Sa figure pâlit, et le cœur lui manqua. Que pouvait-il y avoir ? Est-ce que cette horrible affaire n’était pas encore terminée ? Elle savait… hélas ! elle ne savait que trop bien, qu’il ne pouvait y avoir aucune recherche dans cette affaire qui ne dût amener son nom devant le public, enchaîné à celui de l’homme mort. Combien de choses cependant avait-elle endurées pour garder ce honteux secret loin du monde ! Que n’avait-elle pas sacrifié dans l’espérance d’épargner une humiliation à son père ! Et quand elle croyait enfin que le sombre chapitre de sa vie était fini, que la page détestable avait été arrachée ; au dernier moment, il y aurait peut-être quelque nouveau désordre, qui pourrait amener son nom et son histoire dans tous les journaux d’Angleterre !

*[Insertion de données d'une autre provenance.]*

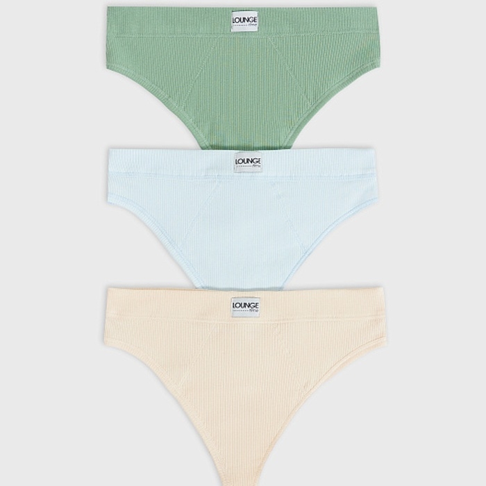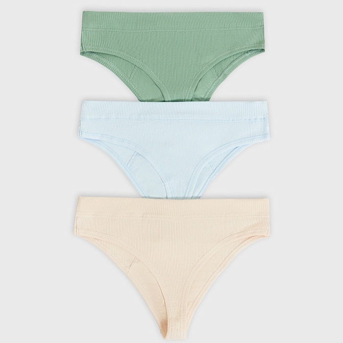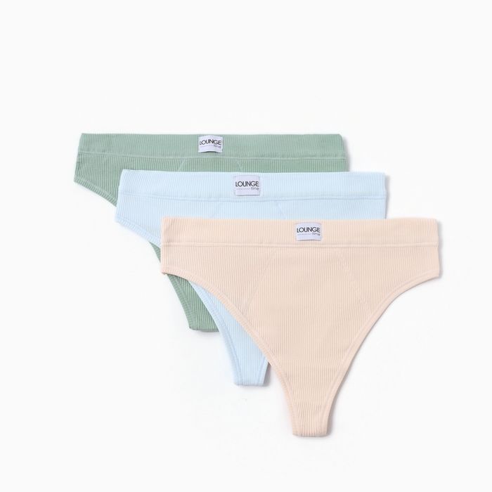 Набор женских трусов бразилиана (3 шт.), цвет зеленый/голубой/бежевый, размер 48 (L)

— Oh ! John !… John !… — s’écria-t-elle en éclatant en sanglots nerveux et couvrant sa figure de ses mains crispées, — ne verrai-je jamais la fin de ceci ? Ne serai-je donc jamais, jamais délivrée des conséquences de ma misérable folie ?

Comme elle disait ces mots, le sommelier entra ; elle se leva précipitamment et marcha vers une des fenêtres, pour cacher son visage à cet homme.